“Build a rich text editor” is one of the hardest senior-frontend interview prompts. The naive solution — a contenteditable div — works for ten minutes and then collapses under the weight of selection bugs, undo/redo, paste sanitization, IME support, and collaborative editing. Real interview signal here is whether you understand the document-model abstraction and the tradeoffs between the major frameworks.
Why contenteditable alone fails
Browsers implement contenteditable with their own DOM-mutation logic. Every browser does it differently. You cannot reliably:
- Insert a custom block at the cursor (each browser produces different DOM)
- Implement clean undo/redo (browser stack mixes with yours)
- Render arbitrary structured nodes (mentions, embedded videos, code blocks)
- Maintain selection across React re-renders
- Sync edits across collaborators
The fix is to introduce an explicit document model and treat the DOM as a render target.
The document model
Every modern editor framework defines its own document tree. Common shape:
- Root is a document node
- Children are blocks (paragraph, heading, list, code block, image)
- Inline children carry text and marks (bold, italic, link, mention)
Selection is expressed in document coordinates (path + offset), not DOM coordinates. The editor renders the document into the DOM and translates DOM events back into document operations (transactions).
The three big frameworks
ProseMirror
The granddaddy. Marijn Haverbeke (CodeMirror) wrote it. Document model is a strictly-typed schema; every transaction is a sequence of named steps that can be transformed against concurrent edits. Powers Atlassian, the New York Times CMS, Tiptap, Outline, and many enterprise editors. Steepest learning curve. Best collaboration story (Operational Transform-like step rebasing).
Tiptap
Headless wrapper around ProseMirror with a friendlier extension API and React/Vue/Svelte bindings. You get ProseMirror power without writing the schema and plugin boilerplate. Good default for production teams.
Lexical
Meta’s editor (replaces Draft.js, powers Facebook posts and comments). Different model: nodes are immutable, the editor state is a tree of node references, edits produce a new immutable state. Strong React integration. Easier to reason about than ProseMirror in many ways. Less mature collaboration story.
What interviewers want to see
- You name the document-model abstraction without prompting
- You explain why
contenteditablealone is insufficient - You sketch the data flow: DOM event → editor command → transaction → new state → re-render
- You discuss selection as a first-class part of the state
- You raise undo/redo as a transaction-history problem, not a DOM problem
- You mention paste sanitization and the security risk of HTML paste
- For senior+ you discuss collaboration (CRDT vs OT, Yjs/Automerge bindings)

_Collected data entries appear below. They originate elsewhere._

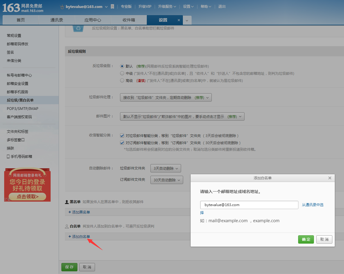 点击“添加白名单”,输入自己的邮箱地址 bytevalue@163.com (此处只是示例,实际填入自己对应的邮箱地址)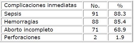 El universo de estudio estuvo constituido por las 103 adolescentes, a las cuales se les realizó el diagnóstico de la patología antes mencionada. Previo consentimiento informado, se revisaron los procesos de internamientos, y se confeccionó una encuesta por las autoras, para añadir otros aspectos de interés investigativo. Así se obtuvo el dato primario y se investigaron las variables edad, estado civil y las complicaciones más frecuentes, como: sepsis, hemorragias, aborto incompleto y perforaciones.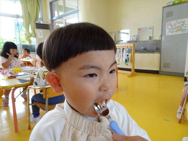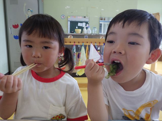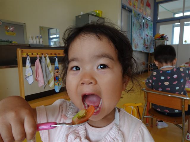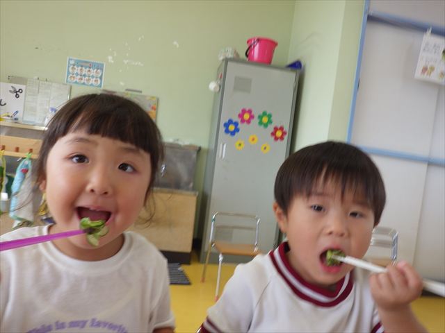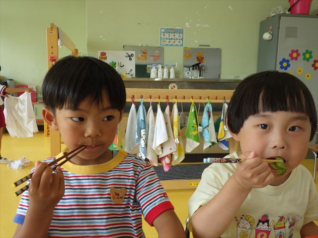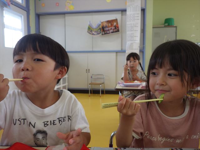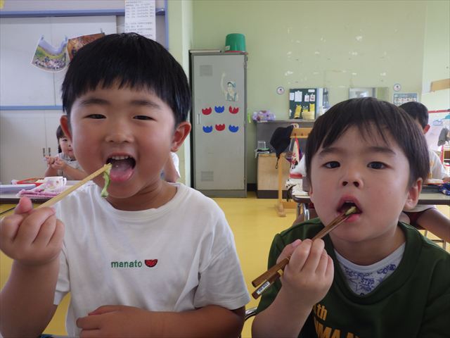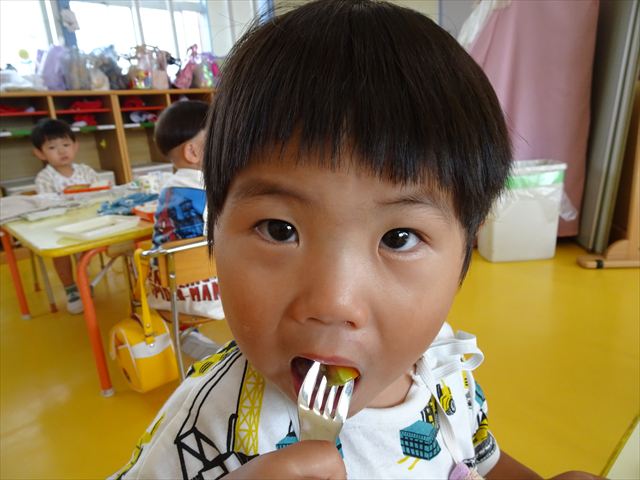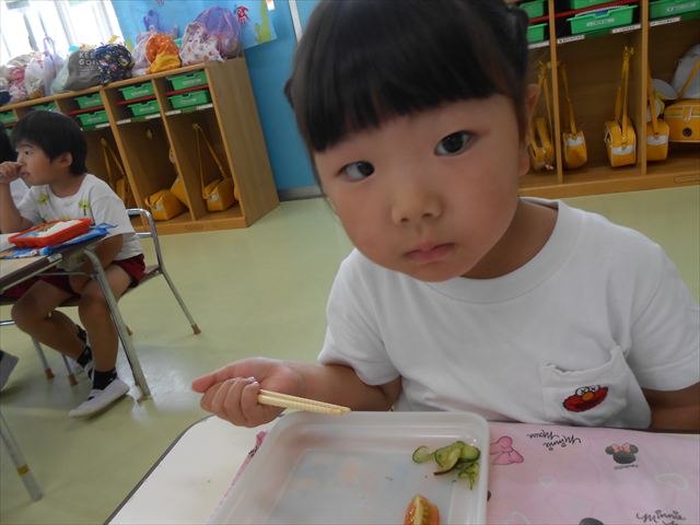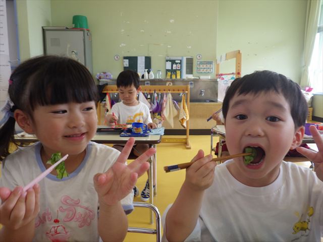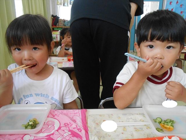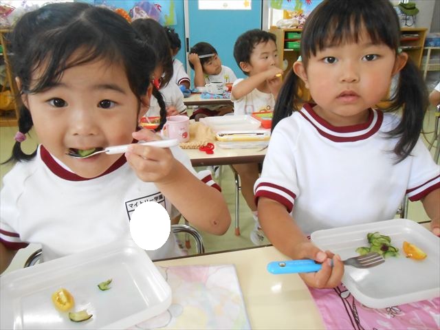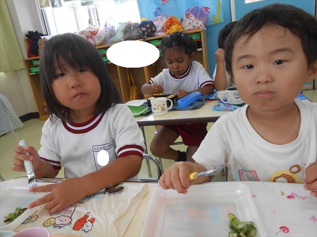 今日は、きゅうり、なす、バジル、ミニトマトが収穫できました。年少さん年中さんできゅうり、なす、バジルの塩もみを頂いて、たんぽぽさんがミニトマトを頂きました!とってもおいしかったです!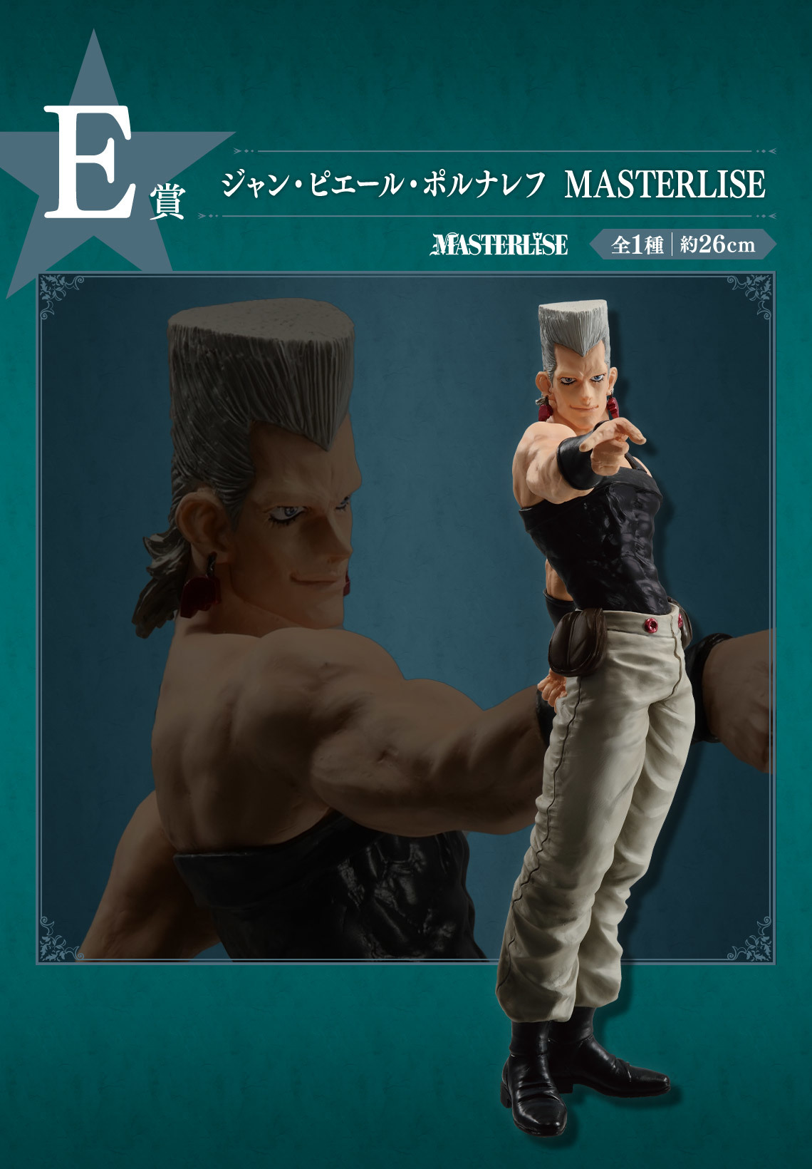 「一番賞 JOJO的奇妙冒險 STARDUST CRUSADERS」,以第三部《星塵遠征軍》為核心,推出 A賞 ~ L賞 +最後賞等豐富的獎品!採用高階造型「MASTERLISE」系列打造的角色模型,細膩再現精緻的服裝細節,收錄有:A賞 空條承太郎、B賞 花京院典明、C賞 喬瑟夫·喬斯達、D賞 穆罕默德·阿布德爾、E賞 約翰·皮耶爾·波魯納雷夫 以及 F賞 伊奇,最後一賞為 DIO MASTERLISE,透過精緻、動感的JOJO立姿態,將JOJO的魅力一次收藏!另外還有撲克牌、F-MEGA MASTERELIVE COLLECTION、靈魂撲克籌碼、筆記本、橡膠收藏等精彩的賞品~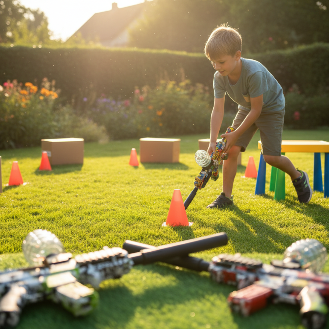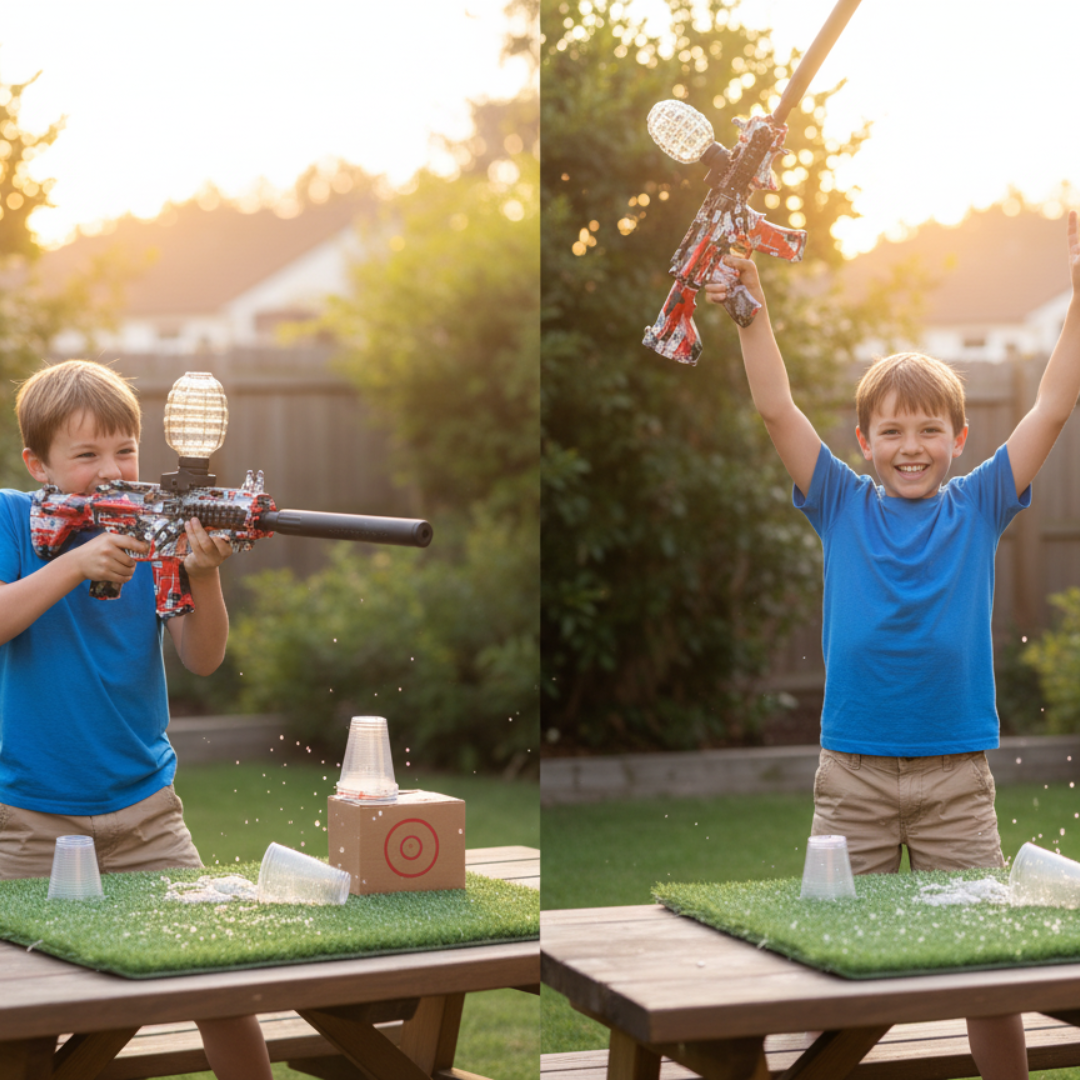 Hidrata las bolitas de gel, llena el cargador tipo botella y conecta la batería recargable. Selecciona entre modo automático para disparo continuo o modo manual para mayor control. Ideal para juegos al aire libre y actividades recreativas.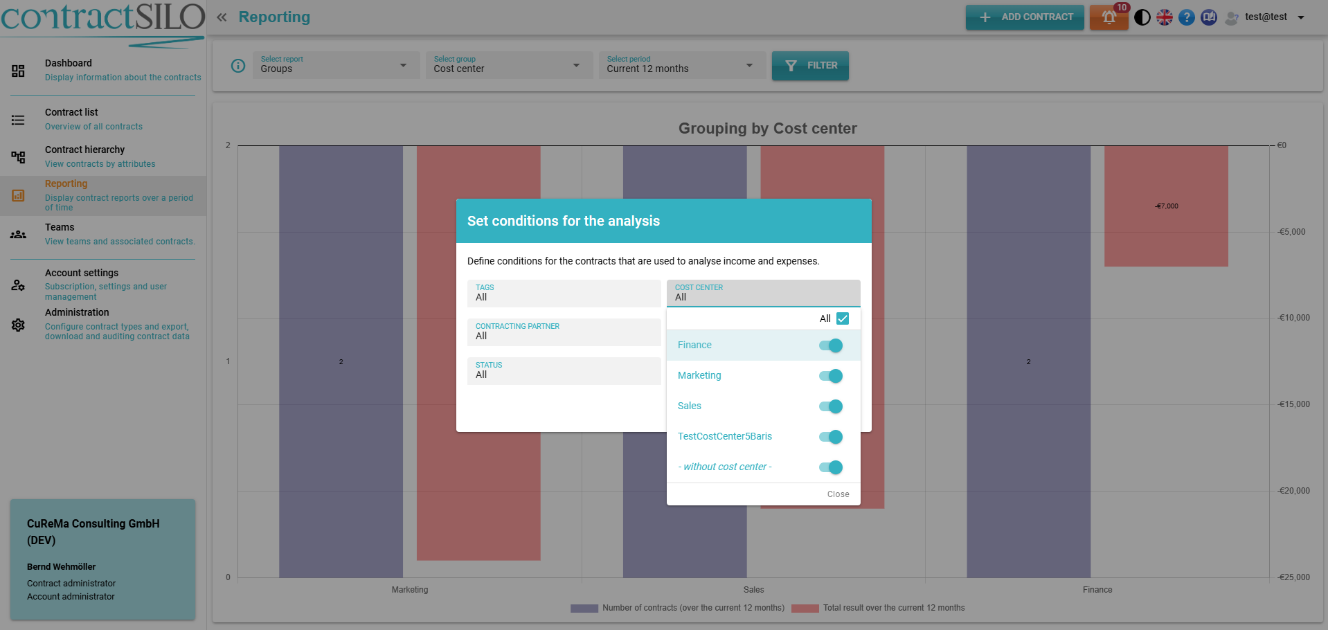 The Reporting menu provides graphical evaluations of contract data on various report topics. (Professional version only)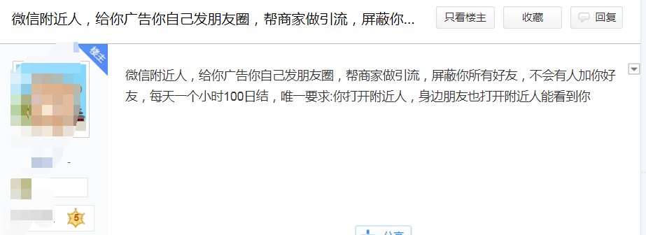B、发圈目的其实是为了帮助商家用附近人的功能做定点广告引流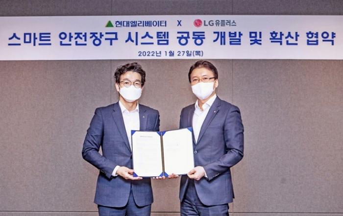 LG유플러스와 현대엘리베이터는 ‘스마트 안전장구 시스템 공동 개발 및 확산 협력’에 관한 업무협약(MOU)을 27일 체결했다. 양사는 엘리베이터를 설치하는 현장에서 IoT센서를 활용해 안전한 작업환경을 만들고, 중대재해 발생을 예방하는 사고 예방 시스템을 만들기로 했다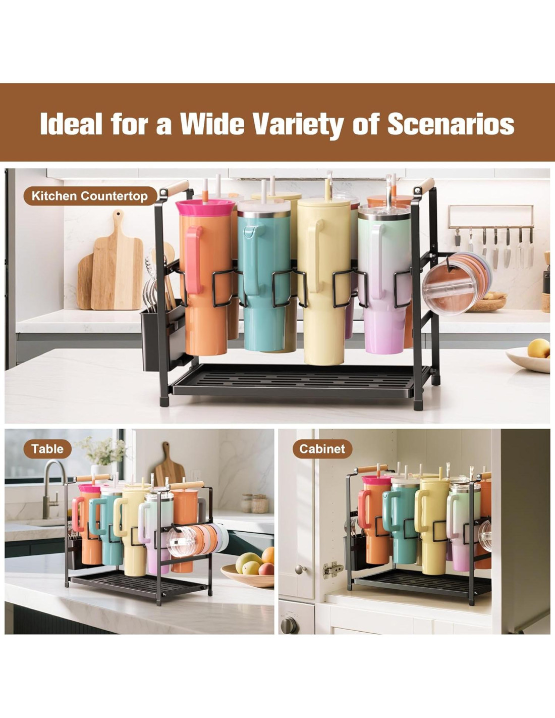 - Almacenamiento Ideal para Tazas: Diseñado para tumblers de 40 oz con mango, este organizador de tazas Stanley puede contener hasta 8 botellas. El organizador de almacenamiento de tazas cuenta con ganchos dedicados para tapas. Ideal para colocarse en encimeras de cocina, mesas de comedor o escritorios de oficina, el organizador de botellas de agua ayuda a organizar tu espacio, haciendo que el soporte para tumbler sea perfecto para uso familiar o reuniones.

Selection — the trap question
Interviewers will ask: “What happens if React re-renders while the user is typing?” The answer: if you re-render the contenteditable subtree, the browser loses native selection. You must either capture selection before re-render and restore after, or use an editor framework that handles this for you. The “restore selection” code is finicky — you map a document position back to a DOM (Node, offset) pair, then call Selection.setBaseAndExtent.
Undo/redo
Don’t rely on document.execCommand("undo"). Implement a transaction history: each command produces a transaction; the history stack stores forward and inverse transactions. Undo applies the inverse; redo re-applies the forward. The browser’s undo stack is bypassed.
Collaboration
Two approaches:
- OT (Operational Transform): ProseMirror-style. Steps rebase against concurrent steps. Server is source of truth.
- CRDT (Conflict-free Replicated Data Type): Yjs is the dominant library. Edits commute. No central server required (though in practice you usually have one for persistence).
For interview purposes you should be able to explain the tradeoff and name Yjs as the modern default for new editors.
Frequently Asked Questions
Which framework should I pick for a real product?
Tiptap if you want ProseMirror power without the boilerplate. Lexical if you are React-first and want a simpler mental model. Plain ProseMirror if you have unusual document needs and a senior team.
Do I need to know the source code?
No. Senior interviews want you to know the abstractions and tradeoffs. The framework hides the gnarly parts; understanding why those parts are gnarly is the signal.
How do I handle paste?
Capture the paste event. Sanitize HTML (DOMPurify is standard). Map the cleaned HTML to your document schema (drop unknown nodes, keep marks you support). Treat plain-text paste separately.